Bonbright was sure. He felt that it would bridge the gulf between him and his employees--that gulf which seemed now to be growing wider and deeper instead of disappearing. Mershon's talk was full of labor troubles, of threatened strikes, of consequent delays.

"We can finish thirty days ahead of schedule," he said to Bonbright, "if the unions leave us alone."

"You think I ought to recognize them," Bonbright said. "Well, Mr.

Mershon, if labor wants to cut its own throat by striking--let it strike. I'm giving it work. I'm giving it wages that equal or are higher than union scale. They've no excuse for a strike. I'm willing to do anything within reason, but I'm going to run my own concern. Before I'll let this plant be unionized I'll shut it down. If I can't finish the new shops without recognizing the unions, then they'll stand as they are."

"You're the boss," said Mershon, with a shrug. "Do you know there's to be a ma.s.s meeting in the armory to-night? I think the agitator people are going to try to work the men up to starting trouble."

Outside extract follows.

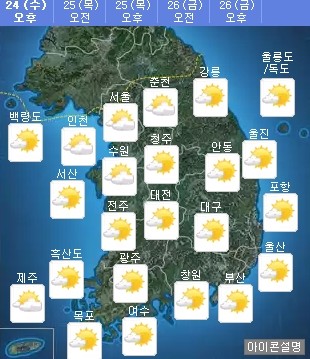 한편 기상청은 목요일부터는 기온이 떨어지고 선선해질 전망이라고 밝혔다.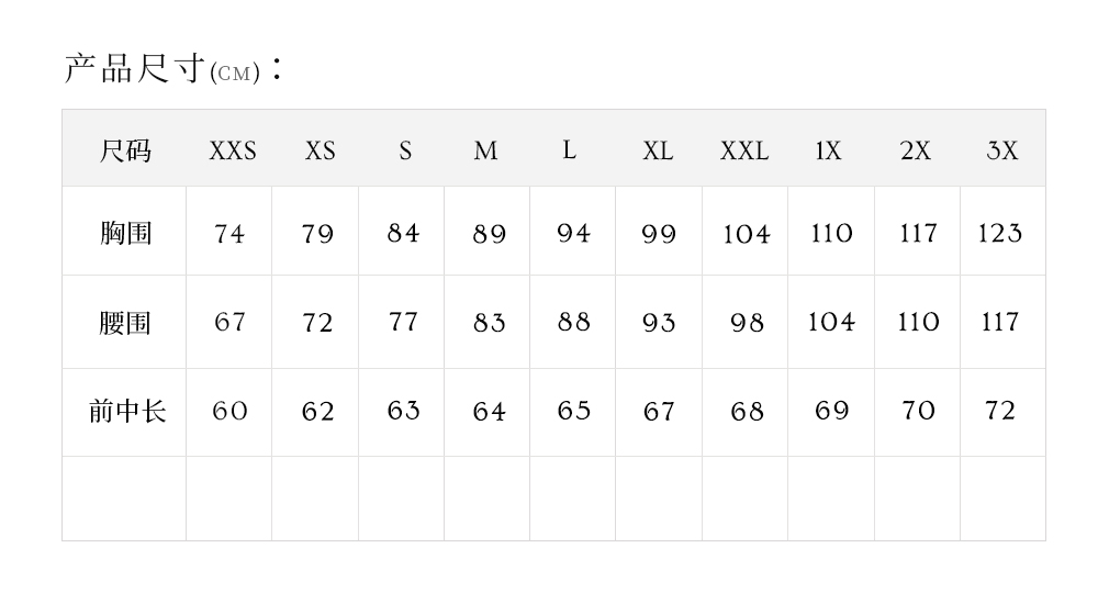 尺碼 XXS XS S M L XL XXL 1X 2X 3X

"You think they'll strike?"

"I KNOW they will."

"All the men, or just the steel workers and bricklayers and temporary employees on the new buildings?"

"I don't know.... But if any of them go out it's going to make things mighty bad."

"I'll see what can be done," said Bonbright.

The strike must be headed off if possible. It would mean a monstrously costly delay; it might mean a forfeiture of his contract with Lightener. It might mean that he had gone into this new project and expended hundreds of thousands of dollars to equip for the manufacture of engines in vain.... The men must not strike.

There seemed no way to avert it but to surrender, and that Bonbright did not even consider.... He called in the professor.